_ASSIGNMENT:_ Your copy should match the records exactly, except that no pictures appear in it.

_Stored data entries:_
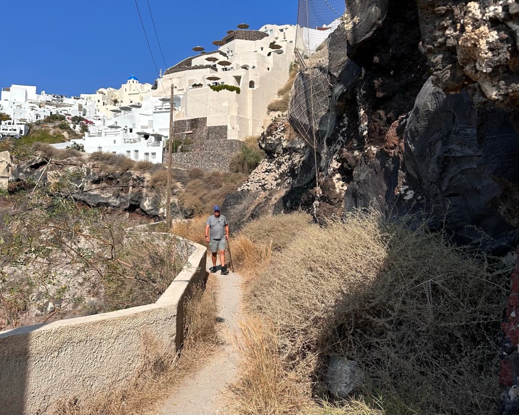 Na het ontbijt maakten we ons klaar voor een wandeling over een wandelpad, waarvan we gisteravond al hadden gelezen dat deze tot aan hoofdstad Fira liep, 10 kilometer verderop. In elk toeristisch vakantieboekje staat dit wandelpad beschreven. Het is een uitdagende route door een vulkaanlandschap; stevige schoenen zijn een must.
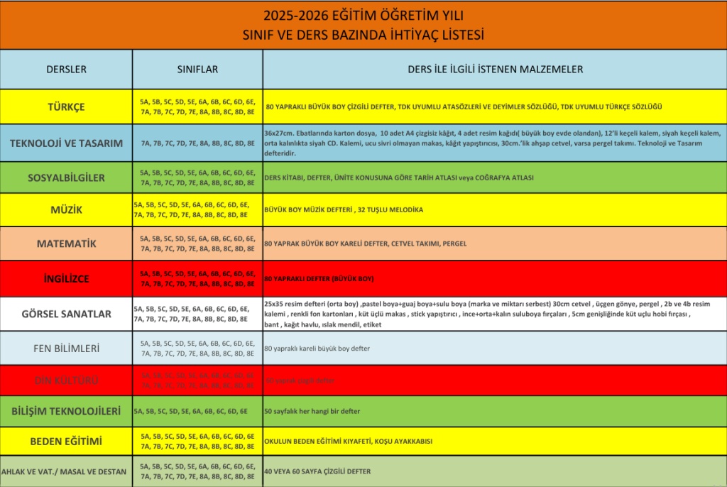 2025-2026 EĞİTİM ÖĞRETİM İHTİYAÇ LİSTESİ
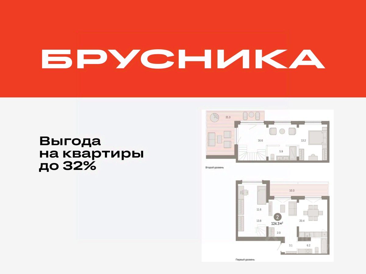 Двухуровневая квартира с кухней-гостиной и двумя спальнями в Октябрьском на Туре. Особенности планировки: гардеробная, без отделки, вид на реку, двухуровневая, свободная планировка, разнесённые спальни, терраса на крыше.
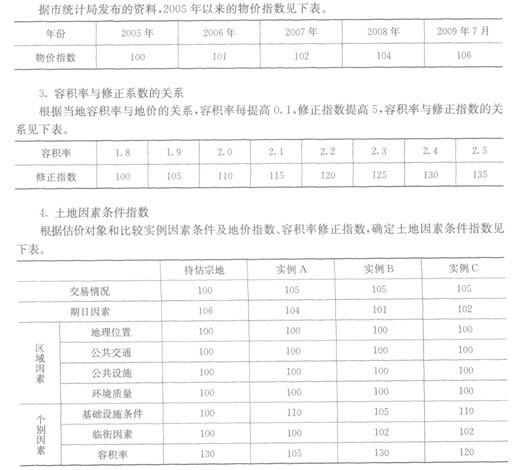 A、B、C為正常出讓地價(市場價格);估價對象土地為市場價格,考慮到法院對估價對象土地的處理,交易情況略向下修正。
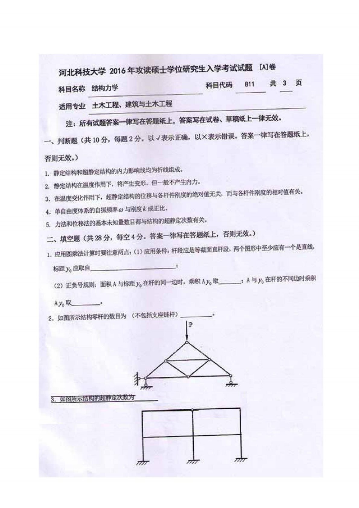 河北科技大学811结构力学2016年考研真题A

_ANSWER AREA:_
 Na het ontbijt maakten we ons klaar voor een wandeling over een wandelpad, waarvan we gisteravond al hadden gelezen dat deze tot aan hoofdstad Fira liep, 10 kilometer verderop. In elk toeristisch vakantieboekje staat dit wandelpad beschreven. Het is een uitdagende route door een vulkaanlandschap; stevige schoenen zijn een must.
 2025-2026 EĞİTİM ÖĞRETİM İHTİYAÇ LİSTESİ
 Двухуровневая квартира с кухней-гостиной и двумя спальнями в Октябрьском на Туре. Особенности планировки: гардеробная, без отделки, вид на реку, двухуровневая, свободная планировка, разнесённые спальни, терраса на крыше.
 A、B、C為正常出讓地價(市場價格);估價對象土地為市場價格,考慮到法院對估價對象土地的處理,交易情況略向下修正。
 河北科技大学811结构力学2016年考研真题A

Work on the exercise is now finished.